In the entries that follow, find the line containing "Lisaks tänasele SAS'i" and the line containing "Reunión del Comité", then retype exactly the lines from the first through the second, pictures excluded.

* **EXTRACTED DATA**:
● ● ● ●

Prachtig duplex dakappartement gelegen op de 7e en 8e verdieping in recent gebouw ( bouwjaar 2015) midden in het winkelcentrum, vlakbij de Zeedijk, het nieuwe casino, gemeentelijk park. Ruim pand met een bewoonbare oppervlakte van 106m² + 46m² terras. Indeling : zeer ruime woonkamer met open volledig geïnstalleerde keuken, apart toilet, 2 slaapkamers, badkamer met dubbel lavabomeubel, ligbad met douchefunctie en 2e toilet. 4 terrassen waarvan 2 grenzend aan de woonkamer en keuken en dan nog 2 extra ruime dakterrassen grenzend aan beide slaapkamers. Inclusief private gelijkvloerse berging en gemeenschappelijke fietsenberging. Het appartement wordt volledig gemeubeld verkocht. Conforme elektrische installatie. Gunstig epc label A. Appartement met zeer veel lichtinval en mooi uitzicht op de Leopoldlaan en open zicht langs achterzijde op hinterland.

● ● ● ●

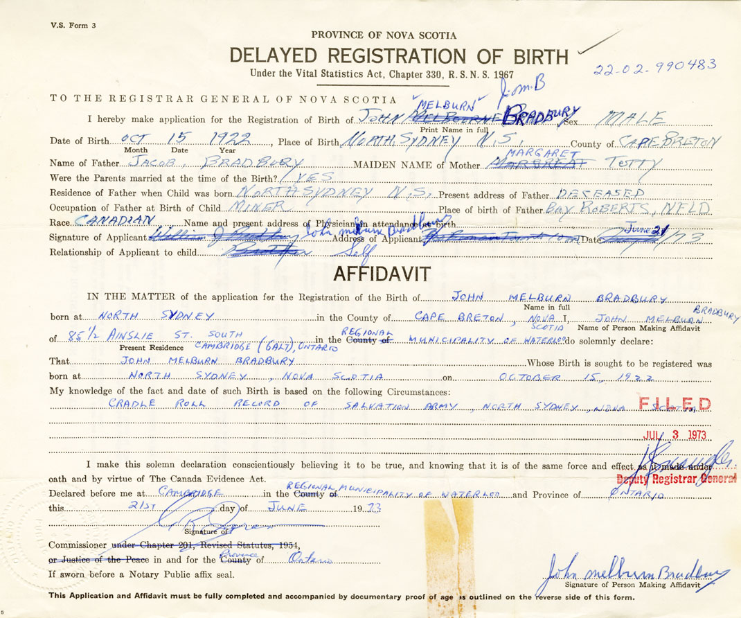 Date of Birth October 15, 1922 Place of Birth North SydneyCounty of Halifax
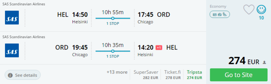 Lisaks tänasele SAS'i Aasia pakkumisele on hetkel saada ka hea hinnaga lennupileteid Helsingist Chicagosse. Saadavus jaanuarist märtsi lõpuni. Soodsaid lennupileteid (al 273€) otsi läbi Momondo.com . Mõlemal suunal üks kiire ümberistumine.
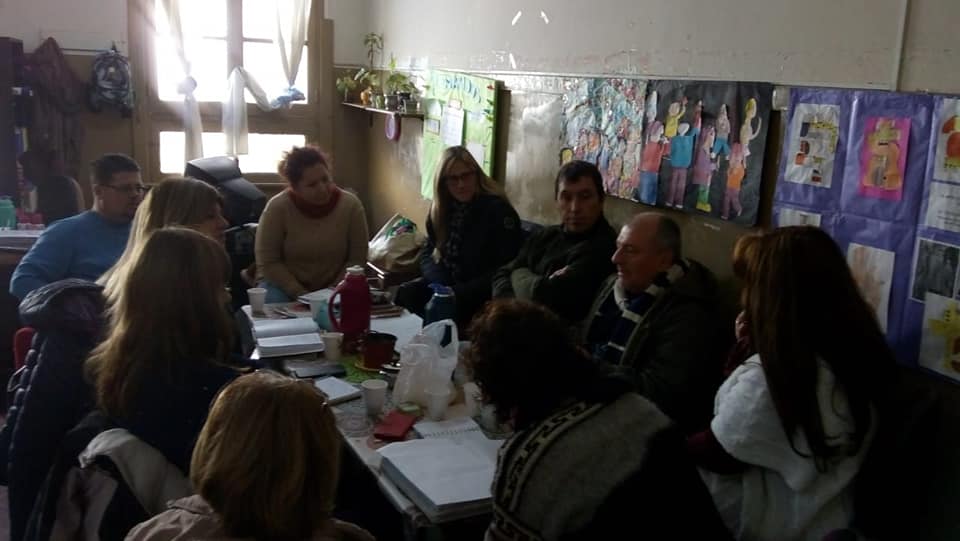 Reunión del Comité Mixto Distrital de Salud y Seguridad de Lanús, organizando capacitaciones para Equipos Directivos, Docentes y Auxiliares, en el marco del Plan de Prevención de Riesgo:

● ● ● ●

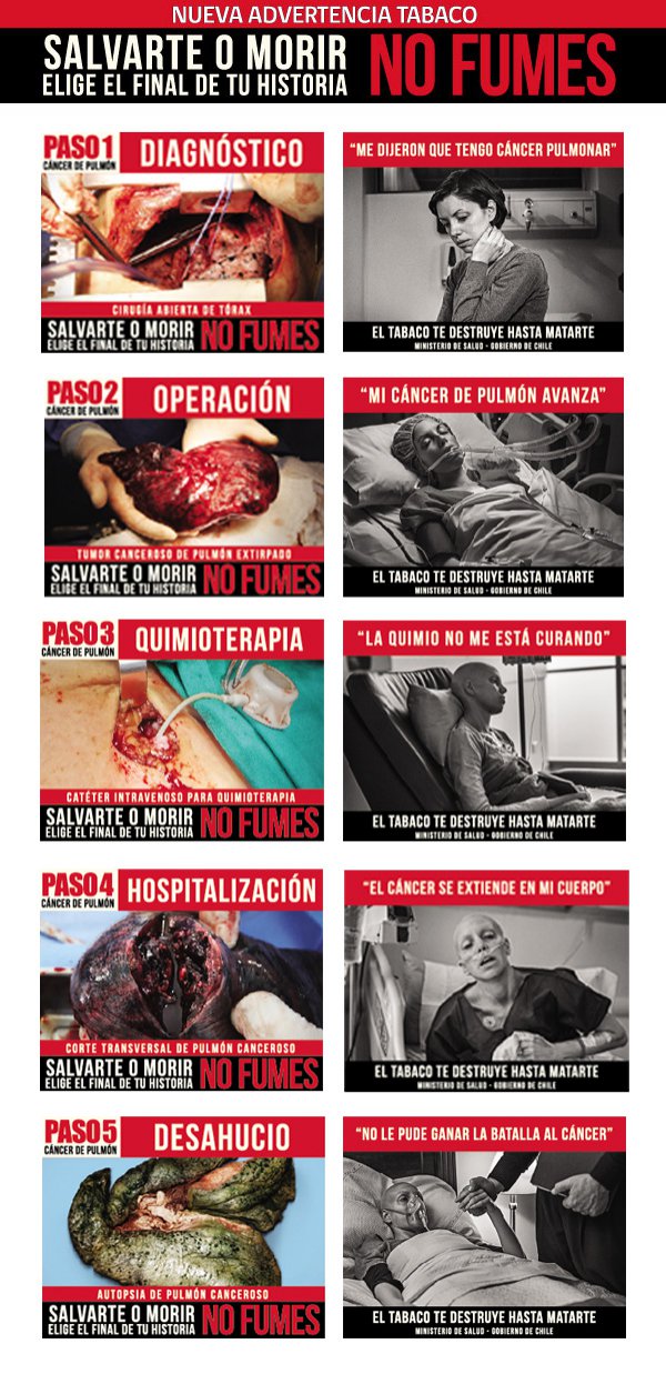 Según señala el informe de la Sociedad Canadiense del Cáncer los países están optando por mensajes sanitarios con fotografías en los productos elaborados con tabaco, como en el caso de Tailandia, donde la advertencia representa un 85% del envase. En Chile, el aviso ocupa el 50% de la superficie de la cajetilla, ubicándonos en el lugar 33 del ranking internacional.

● ● ● ●

* **OUTPUT OF THE EXERCISE**:
 Lisaks tänasele SAS'i Aasia pakkumisele on hetkel saada ka hea hinnaga lennupileteid Helsingist Chicagosse. Saadavus jaanuarist märtsi lõpuni. Soodsaid lennupileteid (al 273€) otsi läbi Momondo.com . Mõlemal suunal üks kiire ümberistumine.
 Reunión del Comité Mixto Distrital de Salud y Seguridad de Lanús, organizando capacitaciones para Equipos Directivos, Docentes y Auxiliares, en el marco del Plan de Prevención de Riesgo:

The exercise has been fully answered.